= EXERCISE =
Print the data below verbatim, minus images.

= GIVEN INFORMATION =

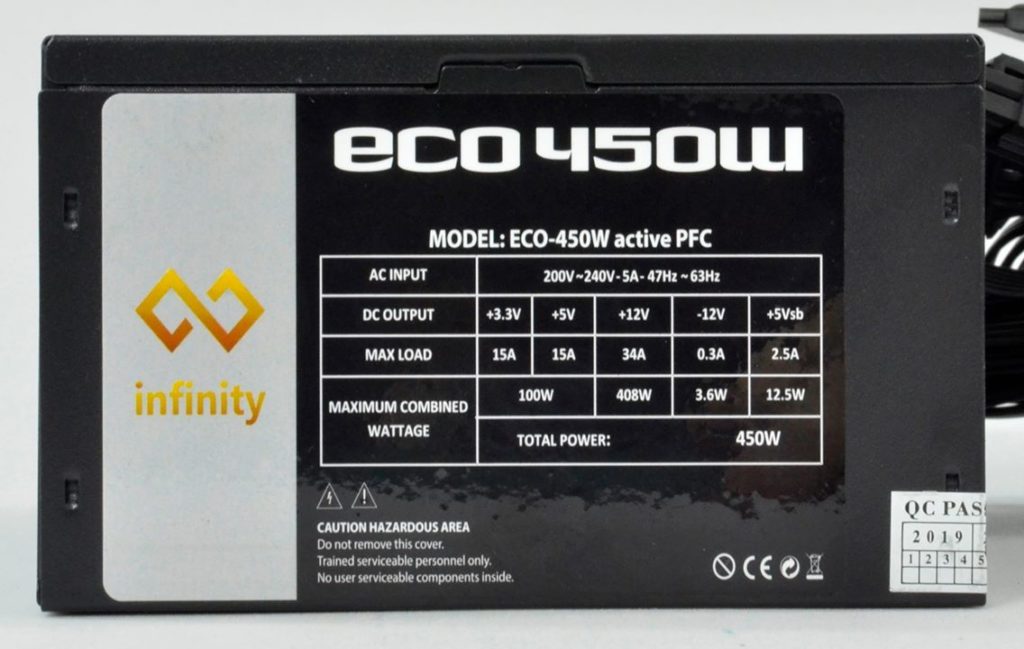 Công suất danh định của Infinity ECO 450W: 450W, Active PFC short range, Single rail 12V@34A
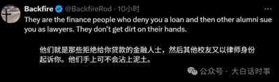 还有就是说哈佛毕业生是拒绝给“你”贷款的金融人士、以律师身份起诉“你”。
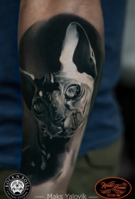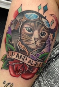 小腿new school搞笑猫腿与玫瑰和字母纹身图案
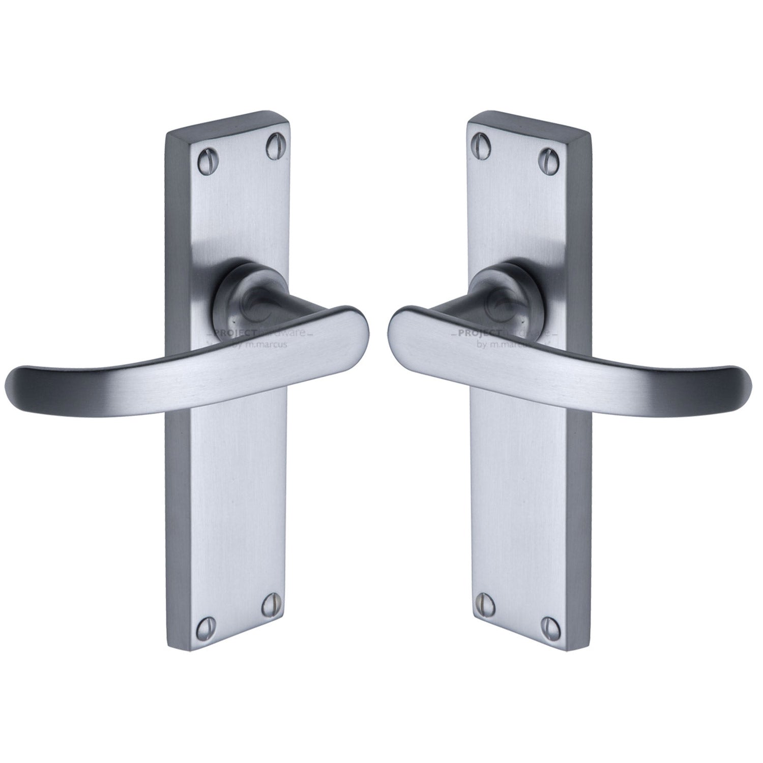 Elevate your interiors with the Avon Design Door Handle Lever Latch from the Project Hardware Range by M Marcus. Crafted from durable zinc alloy, this handle showcases a sophisticated satin chrome finish, offering a sleek and modern touch to any door. Its elegant silhouette effortlessly complements both contemporary and traditional settings, making it a versatile choice for any home. The satin sheen provides a subtle yet stylish contrast to other fixtures, while the smooth texture ensures a comfortable grip. Ideal for those seeking a blend of functionality and aesthetic appeal, this handle is a testament to refined design and quality craftsmanship.

= SOLUTION TO THE EXERCISE =
 Công suất danh định của Infinity ECO 450W: 450W, Active PFC short range, Single rail 12V@34A
 还有就是说哈佛毕业生是拒绝给“你”贷款的金融人士、以律师身份起诉“你”。
 小腿new school搞笑猫腿与玫瑰和字母纹身图案
 Elevate your interiors with the Avon Design Door Handle Lever Latch from the Project Hardware Range by M Marcus. Crafted from durable zinc alloy, this handle showcases a sophisticated satin chrome finish, offering a sleek and modern touch to any door. Its elegant silhouette effortlessly complements both contemporary and traditional settings, making it a versatile choice for any home. The satin sheen provides a subtle yet stylish contrast to other fixtures, while the smooth texture ensures a comfortable grip. Ideal for those seeking a blend of functionality and aesthetic appeal, this handle is a testament to refined design and quality craftsmanship.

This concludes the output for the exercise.